_THE TASK_
Locate the line bearing "DialBrown fumé sunburst" in the material below, then reproduce it and each following line up to and including the line bearing "DNF喜迎新春特别礼盒开启后".
-- SUPPLIED DATA follows --
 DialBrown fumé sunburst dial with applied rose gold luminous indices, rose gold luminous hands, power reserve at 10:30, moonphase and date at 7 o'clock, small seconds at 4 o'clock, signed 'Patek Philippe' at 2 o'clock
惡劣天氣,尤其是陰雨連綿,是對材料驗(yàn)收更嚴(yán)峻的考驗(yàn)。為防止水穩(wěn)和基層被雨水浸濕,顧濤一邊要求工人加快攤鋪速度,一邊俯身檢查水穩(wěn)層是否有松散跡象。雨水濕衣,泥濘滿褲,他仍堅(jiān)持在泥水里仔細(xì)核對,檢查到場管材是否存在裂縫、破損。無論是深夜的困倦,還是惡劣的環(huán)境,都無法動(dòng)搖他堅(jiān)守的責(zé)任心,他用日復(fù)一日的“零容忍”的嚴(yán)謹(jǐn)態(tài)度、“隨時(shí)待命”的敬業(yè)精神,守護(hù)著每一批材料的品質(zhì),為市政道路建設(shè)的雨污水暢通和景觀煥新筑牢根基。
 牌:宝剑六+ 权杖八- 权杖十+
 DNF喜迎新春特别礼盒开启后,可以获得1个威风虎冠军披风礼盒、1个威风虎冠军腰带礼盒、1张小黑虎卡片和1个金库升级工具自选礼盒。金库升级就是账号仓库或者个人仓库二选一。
-- SUPPLIED DATA concluded --
-- SUPPLIED DATA follows --
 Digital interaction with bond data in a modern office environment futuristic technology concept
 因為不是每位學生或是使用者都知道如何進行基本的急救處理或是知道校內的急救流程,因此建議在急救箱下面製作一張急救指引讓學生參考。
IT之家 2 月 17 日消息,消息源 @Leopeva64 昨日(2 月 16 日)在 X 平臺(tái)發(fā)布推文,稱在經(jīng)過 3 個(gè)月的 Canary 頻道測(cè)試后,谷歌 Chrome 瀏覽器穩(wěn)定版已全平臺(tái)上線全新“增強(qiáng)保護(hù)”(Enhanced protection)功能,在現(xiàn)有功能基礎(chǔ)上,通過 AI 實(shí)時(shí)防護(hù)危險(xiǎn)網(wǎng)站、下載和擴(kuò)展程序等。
-- SUPPLIED DATA concluded --
_THE COMPLETED TASK_
 DialBrown fumé sunburst dial with applied rose gold luminous indices, rose gold luminous hands, power reserve at 10:30, moonphase and date at 7 o'clock, small seconds at 4 o'clock, signed 'Patek Philippe' at 2 o'clock
惡劣天氣,尤其是陰雨連綿,是對材料驗(yàn)收更嚴(yán)峻的考驗(yàn)。為防止水穩(wěn)和基層被雨水浸濕,顧濤一邊要求工人加快攤鋪速度,一邊俯身檢查水穩(wěn)層是否有松散跡象。雨水濕衣,泥濘滿褲,他仍堅(jiān)持在泥水里仔細(xì)核對,檢查到場管材是否存在裂縫、破損。無論是深夜的困倦,還是惡劣的環(huán)境,都無法動(dòng)搖他堅(jiān)守的責(zé)任心,他用日復(fù)一日的“零容忍”的嚴(yán)謹(jǐn)態(tài)度、“隨時(shí)待命”的敬業(yè)精神,守護(hù)著每一批材料的品質(zhì),為市政道路建設(shè)的雨污水暢通和景觀煥新筑牢根基。
 牌:宝剑六+ 权杖八- 权杖十+
 DNF喜迎新春特别礼盒开启后,可以获得1个威风虎冠军披风礼盒、1个威风虎冠军腰带礼盒、1张小黑虎卡片和1个金库升级工具自选礼盒。金库升级就是账号仓库或者个人仓库二选一。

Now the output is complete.